I converted all seven ebooks to plaintext, dropped them in a directory together and got to work. (In all the following, you can replace rg with grep and the output should be much the same.) The first issue was that she recalled one particular offender, but only remembered that it was an adverb that started with a p… No problem:

rg " p[[:lower:]]{3,}ly"
# match a space
# then 'p'
# then 3+ letters
# then 'ly'

Just within Harry Potter and the Order of the Phoenix (the tome in question), there were 202 matches! This prints out a massive wall of text (as the full context for each match is printed too) but this makes the sleuthing more enjoyable. Nonetheless, in a few moments the culprit is found:

The class stared perplexedly at her and then at each other. Harry, however, thought he knew what was the matter.

Let’s dig into some more analysis (and chuckles)

To make this a bit more amenable to analysis (and chuckles), let’s drop the context, and count the number of uses of each unique adverb.

rg " p[[:lower:]]{3,}ly" -o \
    | sed 's/^.*: //' \
    | sort \
    | uniq -c
# -o leaves out the context
# sed to get rid of the line number
# sort alphabetically
# unique values with counts

Which gives us this:

      2 perplexedly
     13 personally
      1 piercingly
      1 pimply
      1 pitilessly
      1 pityingly
      3 placidly
     30 plainly
      1 playfully
      1 pleadingly
      9 pleasantly
      1 pleasurably
      5 pointedly
      2 pointlessly
      1 poisonously
      9 politely
      2 pompously

Perplexedly strikes twice, as does pompously and a horde of others: 61 different -ly words starting with a p! Let’s go one step further and look for phrases that match the pattern verb-person-adverb, e.g. “said Snape snappishly”:

rg " [[:lower:]]{4,} \
[[:upper:]][[:alpha:]]+ \
[[:lower:]]{4,}ly" -o \
    | sed 's/^.*://' \
    | sort \
    | uniq -c
# match a space
# then a word with 4+ letters
# then a space
# then an upper-case word
# then a space
# then a -ly word

This has a lot of false positives, such as “whole Weasley family”, but also unearth such joys as:

whispered Hermione desperately (she also whispers gleefully)

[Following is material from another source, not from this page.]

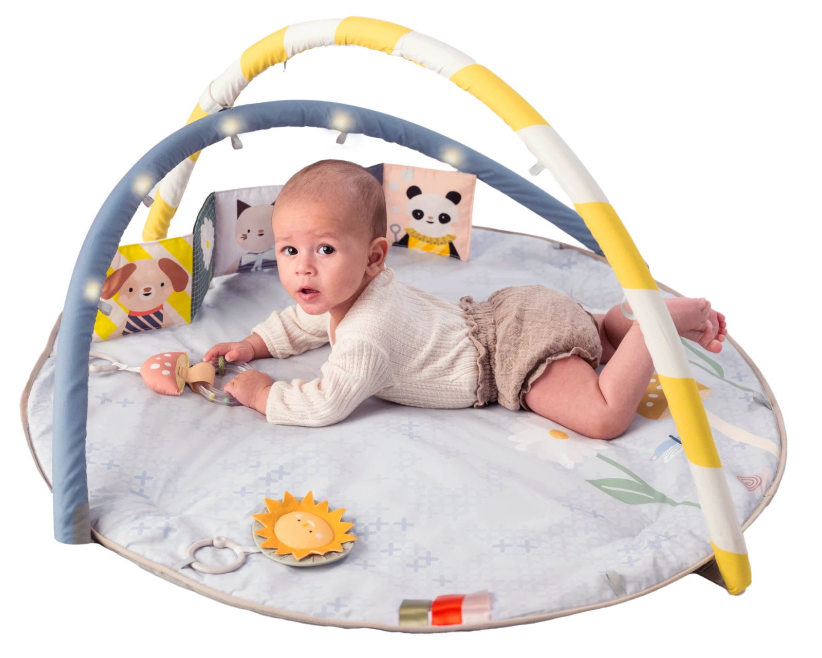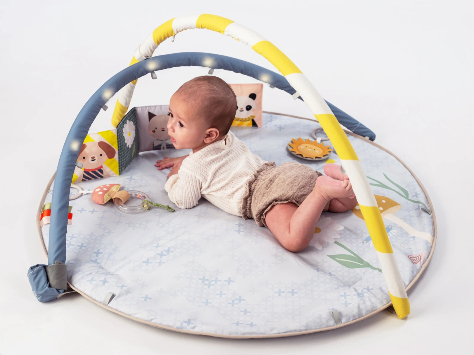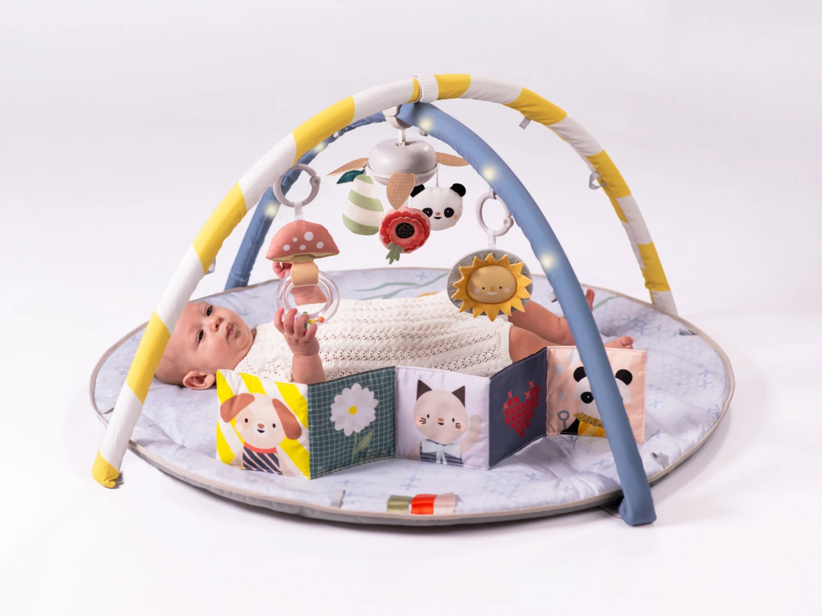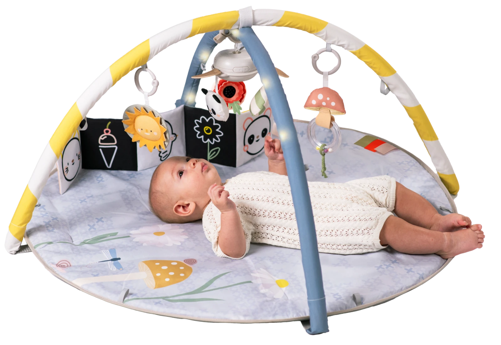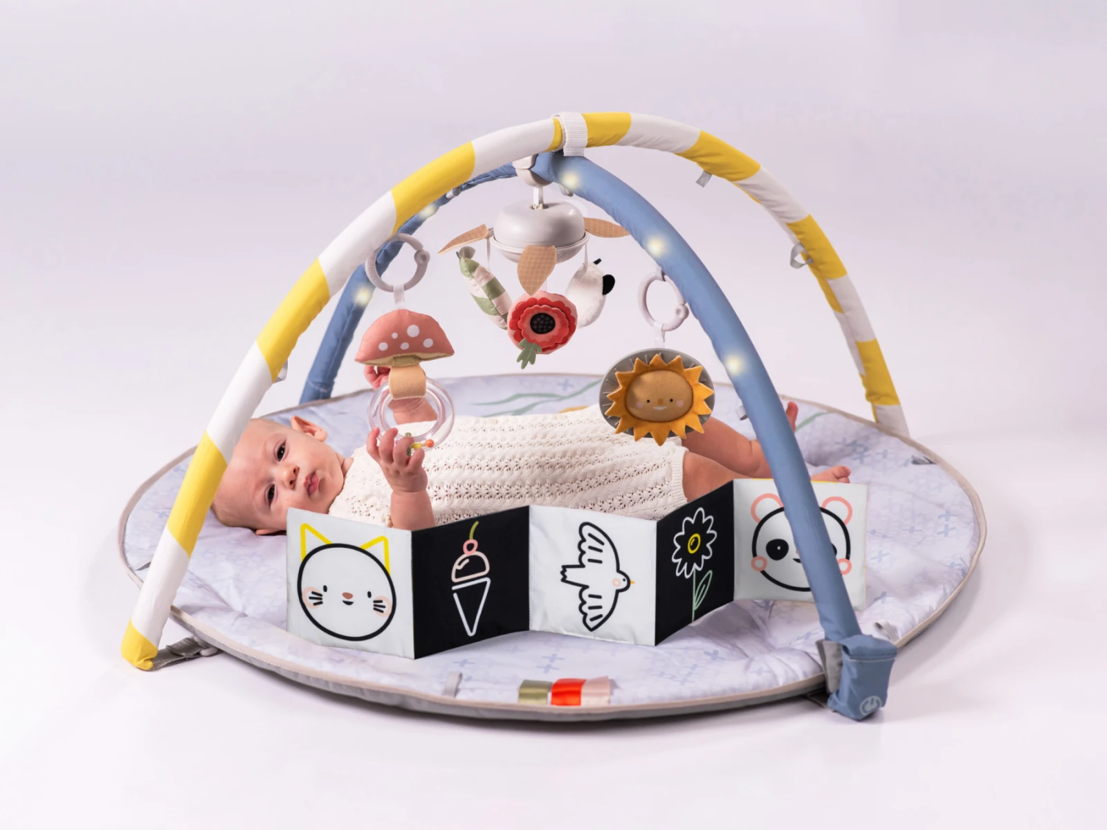 Prečo si ju zamilujete: Odnímateľný hudobný kolotoč s melódiami (22 minút) - upokojujúca hudba podporuje sluchovú stimuláciu a vytvára atmosféru pre hranie aj relaxáciu. Nastaviteľné oblúky hrazdy s LED svetielkami - pohyblivé svetelné body pomáhajú rozvíjať zrak a sledovanie pohybu očami (vizuálny tracking). Všestranné hračky - hrkálka v tvare huby, slniečko s hryzátkom a obojstranná šuštiaca knižka (čiernobiela a farebná) rozvíja hmat aj zrak podľa veku dieťaťa. Polstrovaná hracia podložka - mäkká a bezpečná na ležanie aj prvé pokusy o pretáčanie či lezenie, knižka a stužky navyše motivujú k aktivite na brušku. Prispôsobenie deky podľa veku dieťaťa - možnosť úprav podľa vývojovej fázy dieťaťa od novorodencov až po zvedavé batoľatá.

thought Harry scathingly (he also thinks bitterly and miserably)

squeaked Dobby confidentially (he also squeaks angrily, anxiously, and happily)

said Umbridge sleekly (she does this twice, along with breathlessly, curtly, eagerly, furiously, harshly, impatiently, loudly, quietly, shrilly, silkily, smugly, softly, 4x sweetly, swiftly, and triumphantly)

said Ron weakly (seven times! his favourite way of saying behind suddenly, slowly, sharply, quietly, quickly, loudly, irritably, impatiently, grumpily, furiously, excitedly, eagerly, darkly, bitterly, and angrily)

said Percy pompously (twice!)

said Hermione sharply (her preferred method, at 18 times)

said Harry incredulously (four times, also irritably, exasperatedly, dispiritedly, and a host of other ways)

All in all, there are 1431 unique version of this throughout the books!

One last thing, let’s get a quick adverb count per 10,000 words. The following snippet goes through all files in subdirectories, gets the number of adverbs, then the total word count, then divides them.

for f in **/*.txt; do
    m=$(rg " [[:lower:]]{4,}ly" \
        -c --no-filename -g "$f")
    w=$(cat $f | wc -w)
    r=$(echo "10000*$m/$w" | bc)
    echo $f $r
done

And we have the following counts. Note that this is counting any words that match the pattern, so we have false positives (like ‘family’) and probably some false negatives as well (such as ‘fast’). In general this is probably over-predicting on average.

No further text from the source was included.